Schleswig-Holstein bekommt eine Teststrecke für Oberleitungs-Lkw. Bis spätestens Ende 2018 soll auf einem sechs Kilometer langen Teilstück der A 1  zwischen Reinfeld und Lübeck eine Teststrecke für Elektro-Lkw entstehen.

Das Pilotprojekt auf einem etwa sechs Kilometer langen Teilstück zwischen Reinfeld und Lübeck wird mit rund 14 Millionen Euro aus dem Förderprogramm „Erneuerbar Mobil“ des Bundesumweltministeriums gefördert.  Jochen Flasbarth, Staatssekretär im Bundesumweltministerium, überreichte am 3. Februar den Förderbescheid an Ministerpräsident Torsten Albig.

Der emissionsarme Elektro-Lkw hat einen Wirkungsgrad von circa 80 Prozent und ist damit ungefähr doppelt so effizient wie ein herkömmlicher Lkw.
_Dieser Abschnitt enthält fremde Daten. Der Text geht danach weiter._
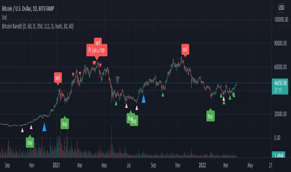 • Simply plug and play it to your chart. You can also connect TV alerts with a bot and let it run. Please be aware that SLIPPAGE time is important, If you run a bot on this indicator you HAVE to know that the buy/sell price will be on the bar AFTER the Candle close (For example: the BUY/SELL alert is on a candle, the buy/sell your bot or you will execute WILL be in the following candle depending on your trading system. Bitcoin Bandit only works on the Daily timeframe on the BTCUSD trading pair. Please contact us if you do not understand how to use it.
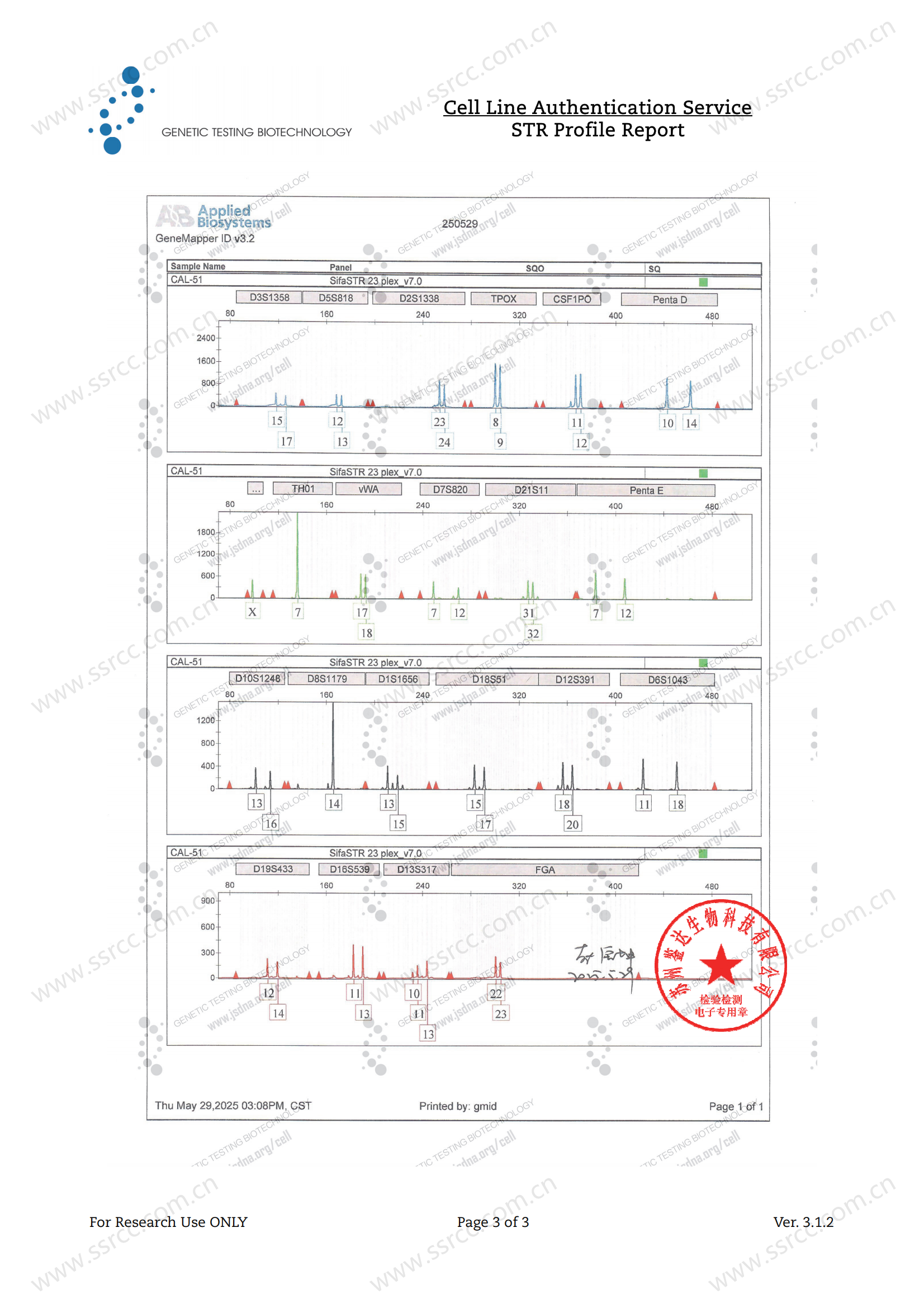 Amelogenin X CSF1PO 11,12 D2S1338 23,24 D3S1358 16,17 D5S818 12,13 D7S820 7,12 D8S1179 14 D13S317 11,13 D16S539 11,13 D18S51 15,16,17 D19S433 12,14 D21S11 31,32 FGA 22,23 Penta D 10,14 Penta E 7,12 TH01 7 TPOX 8,9 vWA 18 |

„Mit einer Elektrifizierung der A1 kann Schleswig-Holstein seine Drehscheibenfunktion für den Verkehr zwischen Skandinavien und Kontinentaleuropa zukunftsfähig machen. Als eines der schönsten Tourismusgebiete in Deutschland zeigt Schleswig-Holstein sein Verantwortungsbewusstsein für Umweltschutz und nachhaltigen Verkehr“, so der Regierungschef. Wie Albig weiter ausführte, sei der Norden für das Pilotprojekt geradezu prädestiniert: „Wir sind Vorreiter bei den Erneuerbaren Energien. Der erste E-Highway in Schleswig-Holstein kann Beispiel werden für viele weitere Autobahn-Kilometer mit Oberleitungen in ganz Deutschland.“ Güterverkehr, Mobilität und Umwelt könnten so zukünftig besser vereinbart werden. Bei der neuen Technik reiche es dabei aus, einzelne Abschnitte der Autobahn zu elektrifizieren, zwischen denen dann mit Strom aus dem Akku gefahren werden könne.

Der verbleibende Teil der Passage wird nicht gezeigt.